Я как человек, который слишком долго находился в каких-либо условиях, как ни вредны и ни опасны, как ни неприятны они для него, он к ним настолько привык, настолько образовал с ними как бы диффузию – взаимное проникновение, что ему уже невозможно войти в другие условия существования, как бы он этого ни хотел, как бы он к этому ни стремился. И если то, к чему он стремится и чего так хочет, находится перед ним, рядом, и он может видеть его, сознавая всю невозможность осуществления своего желания, своей главной мечты, то как глубока, как безмерна, как неизлечимо больна его тоска!…

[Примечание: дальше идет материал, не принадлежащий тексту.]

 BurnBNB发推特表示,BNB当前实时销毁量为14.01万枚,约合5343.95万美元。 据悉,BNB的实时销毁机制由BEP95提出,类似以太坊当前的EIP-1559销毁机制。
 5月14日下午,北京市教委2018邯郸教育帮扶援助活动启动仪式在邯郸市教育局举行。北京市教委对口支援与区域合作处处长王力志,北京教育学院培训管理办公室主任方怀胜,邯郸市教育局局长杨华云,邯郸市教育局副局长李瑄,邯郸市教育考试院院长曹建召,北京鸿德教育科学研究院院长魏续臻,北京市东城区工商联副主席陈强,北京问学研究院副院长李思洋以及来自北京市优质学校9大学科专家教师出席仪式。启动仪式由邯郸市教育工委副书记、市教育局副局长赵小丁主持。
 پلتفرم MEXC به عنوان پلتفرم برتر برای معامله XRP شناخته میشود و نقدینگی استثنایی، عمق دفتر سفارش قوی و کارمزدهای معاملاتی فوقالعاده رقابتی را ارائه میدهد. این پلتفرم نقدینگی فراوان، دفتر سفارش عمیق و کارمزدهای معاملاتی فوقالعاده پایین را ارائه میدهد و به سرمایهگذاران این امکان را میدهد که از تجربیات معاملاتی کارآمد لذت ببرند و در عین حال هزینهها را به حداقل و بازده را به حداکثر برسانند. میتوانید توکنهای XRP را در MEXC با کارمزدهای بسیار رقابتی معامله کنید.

Я нажимаю кнопку своего дистанционного управления. И окно с пластиковой белой рамой, за которым широко и мощно раскинулось грозовое небо, полностью закрывается свето- и звуконепроницаемой чёрной пластиковой шторой. Я нажимаю другую кнопку, и моё сидение автоматически поворачивается вместе со мной. И я кручу неестественно яркую красную ручку, включая одну из многочисленных развлекательных программ своего стереоскопического стопрограммного телевизора.



Беседа со стеной


Я стою перед сплошной белой пластиковой стеной, я, заключённый в новейшей камере. Я посылаю в неё сигналы, пытаюсь что-то ей сообщить, выстукивая в неё, стремясь выразить какие-то свои наболевшие вопросы или просто какие-то вопросы, или вообще что угодно – стремясь выразить всё это не чётким каллиграфическим почерком, как радисты морзянкой тревожат эфир, а чем-то меняющимся, как бы складывающимся в систему и в силу этого неопределённо-расплывчатым, строящимся на каких-то или путём размышлений. Я пытаюсь завязать какую-то беседу с этой белою пластиковою стеной.

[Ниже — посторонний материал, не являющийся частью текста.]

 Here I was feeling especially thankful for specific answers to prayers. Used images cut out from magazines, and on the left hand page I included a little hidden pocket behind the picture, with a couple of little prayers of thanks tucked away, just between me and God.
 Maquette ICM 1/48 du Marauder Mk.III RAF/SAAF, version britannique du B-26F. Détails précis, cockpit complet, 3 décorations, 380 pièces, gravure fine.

Я стучу в стену, и мне в ответ тоже раздаются какие-то сигналы, вернее, отзвуки моих стуков, которые выдаёт стена, не подложенная как лист копировальной бумаги, не механически повторяющая, как эхо, а как-то всё время интерпретирующая мои звуки, как бы вовсе производящая что-то новое, словно говорящая со мной, как равный собеседник.

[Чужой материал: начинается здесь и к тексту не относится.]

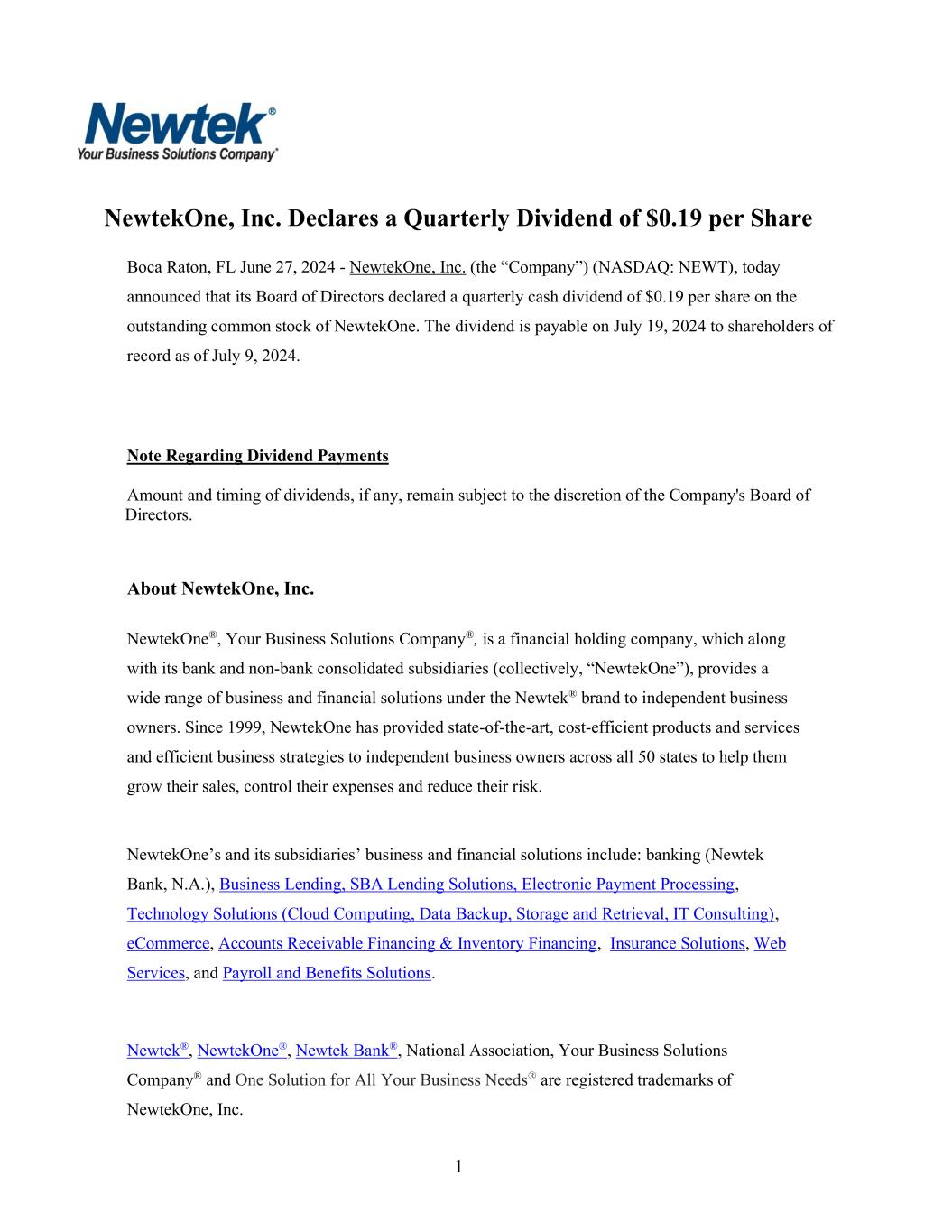 1 NewtekOne, Inc. Declares a Quarterly Dividend of $0.19 per Share Note Regarding Dividend Payments Amount and timing of dividends, if any, remain subject to the discretion of the Company's Board of Directors. About NewtekOne, Inc. NewtekOne®, Your Business Solutions Company®, is a financial holding company, which along with its bank and non-bank consolidated subsidiaries (collectively, “NewtekOne”), provides a wide range of business and financial solutions under the Newtek® brand to independent business owners. Since 1999, NewtekOne has provided state-of-the-art, cost-efficient products and services and efficient business strategies to independent business owners across all 50 states to help them grow their sales, control their expenses and reduce their risk. NewtekOne’s and its subsidiaries’ business and financial solutions include: banking (Newtek Bank, N.A.), Business Lending, SBA Lending Solutions, Electronic Payment Processing, Technology Solutions (Cloud Computing, Data Backup, Storage and Retrieval, IT Consulting), eCommerce, Accounts Receivable Financing & Inventory Financing, Insurance Solutions, Web Services, and Payroll and Benefits Solutions. Newtek®, NewtekOne®, Newtek Bank®, National Association, Your Business Solutions Company® and One Solution for All Your Business Needs® are registered trademarks of NewtekOne, Inc. record as of July 9, 2024. outstanding common stock of NewtekOne. The dividend is payable on July 19, 2024 to shareholders of announced that its Board of Directors declared a quarterly cash dividend of $0.19 per share on the Boca Raton, FL June 27, 2024 - NewtekOne, Inc. (the “Company”) (NASDAQ: NEWT), today
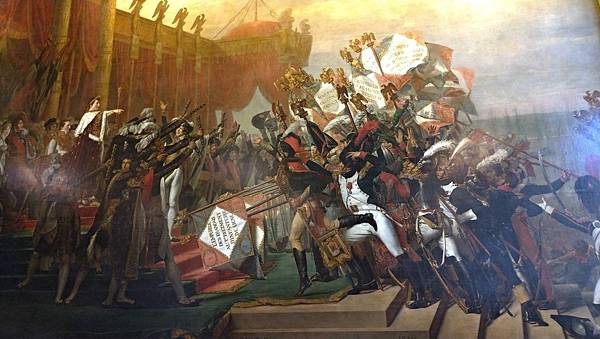 實在太多幅油畫了,其實我也沒認真看,像下面這幾幅我就查不到,但左下牆壁那幅,我猜應該是路易.菲利浦一世登基的情景吧!
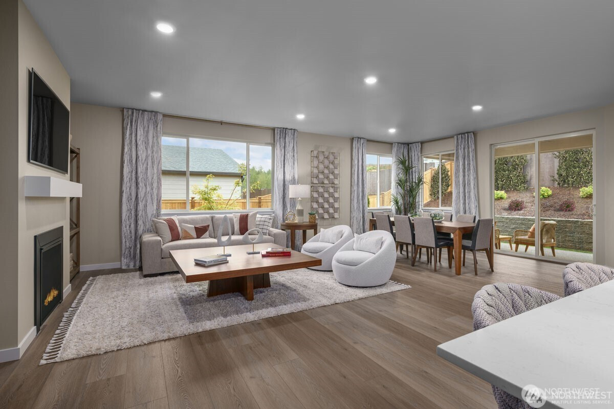 This model home has extensive upgrades! The exceptional design and craftsmanship in this rambler features the highly desired 1990 floor plan with 3 bedrooms, 2 baths, a large great room, and a versatile den, home office or 4th bedroom. The impressive 9-foot ceilings and wide entry lead to a spacious great room filled with natural light. A gourmet kitchen with generous island & walk-in pantry, open to the dining and living areas—ideal for entertaining. The covered patio invites relaxation and outdoor gatherings. The primary suite is thoughtfully designed with a large linen closet and elegant bath. Nestled in Liberty Ridge phase 1, this home offers scenic views and convenient proximity to shopping, dining, and Sunrise Community Park.
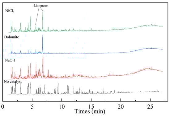 Figure 8 shows the total ion chromatogram of Py–GC/MS with different kinds of catalysts. It can be seen that the pyrolysis products of blending are mainly composed of macromolecular. The products are mainly acid organics, and macromolecule acids. The content of olefins, alkanes, and other organic compounds are relatively low. Compared with the co–pyrolysis oil without catalysts, the components detected after using the catalysts was small molecule unsaturated alkenes. This indicates that the three catalysts can effectively promote the decomposition of macromolecular substances into small molecular substances. Compared to the peak plots without catalysts, the peaks of limonene in the plots with catalysts are all enhanced. Table 5 compares the content of limonene in pyrolysis oil and the yield of pyrolysis oil under different operating conditions. By comparison, NaOH has the most significant effect on improving the yield of limonene in pyrolysis oil. The yield reaches 19.65% when with 10% NaOH. Moreover, the yield of oil did not decrease. Compared to previous studies, the yield of limonene has also increased significantly. It provides a reference pathway for the production of limonene.
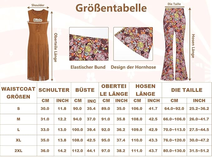 - Примечание. Если вы сжигаете полосы этого жилета без рукавов хиппи, не волнуйтесь, просто расчесывайте пальцы, чтобы облегчить его. Благодаря этому костюму хиппи для женщин, вы можете создавать различные стили, такие как стиль хиппи, уличная фотография, западный ковбойский стиль, путешествия во времени, диско и многие другие. Это платье хиппи для женщин - идеальный выбор для ретро -мероприятий, таких как тематические события 1960 -х, 70 -х, 80 -х годов, карнавал, карнавал, карнавальный карнавальный вечер, роза в понедельник, вечеринка по случаю дня рождения, карнавал во вторник, большой размер, еженедельная неделя и гораздо больше
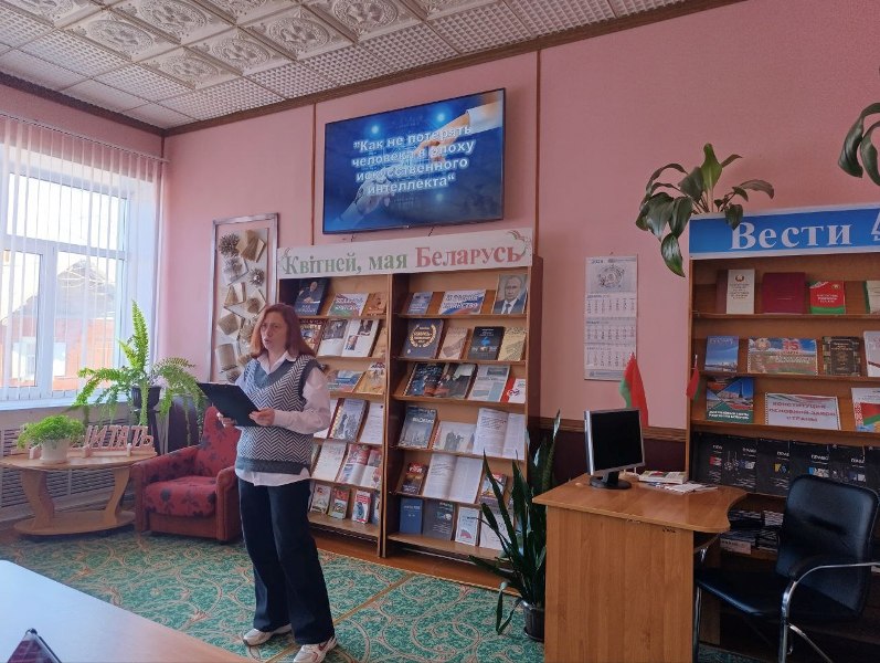 = 16 марта в центральной районной библиотеке в рамках клуба ”Познаем мир“ была проведена беседа-обсуждение ”Как не потерять человека в эпоху искусственного интеллекта“. Библиотекарь отдела обслуживания и информации рассказала об искусственном интеллекте (ИИ) как о науке на стыке математики, биологии, психологии, кибернетики и других наук. Эта наука изучает технологии, которые позволяют человеку писать ”интеллектуальные“ программы и учить компьютеры решать задачи самостоятельно. Участники встречи с большим интересом посмотрели слайд-презентацию и видео о применении ИИ при создании видеоигр, систем видеонаблюдения, рекомендации фильмов и музыки в соответствии с пожеланиями пользователя.

Я понимаю, что стена не живое существо и не может отвечать с какой бы то ни было разумностью, с чем-то живым, но всё равно ищу в её отзвуках смысла, ищу ответы на свои вопросы, разгадывая её отзвуки, толкуя их так и эдак, словно компьютер, подставляя разные значения, стремясь их переварить, понять и уяснить себе с как можно большей ясностью, словно передо мной живые ответы, исполненные смысла и разума.
Я всё это проделываю, потому что если не заниматься этим, не прислоняться к самообману, как к стене, не представлять, что ты не один и можешь беседовать с этим другим, то сойдёшь с ума, сойдёшь со всех катушек, потому что полная изоляция – смерть. Это хорошо понимали засадившие меня в эту камеру, но они не учли, что в этих новейших тюрьмах такие по-разному звучащие стены.



Мать и математика


Есть люди, которые словно произошли, вычислились из математики, вместив в себя её душу. Говорят, что в Природе всё имеет собственную душу, даже чисто абстрактные понятия, и бывает, что душа этих абстрактных понятий каким-то таинственным образом проникает в человека при его рождении, и заменяет ему обычную человеческую душу. Я верю в это, так как имею наглядный пример. Душа математики как чистой, сухой и точной науки каким-то образом проникла в мою мать, заменив её живую человечью душу.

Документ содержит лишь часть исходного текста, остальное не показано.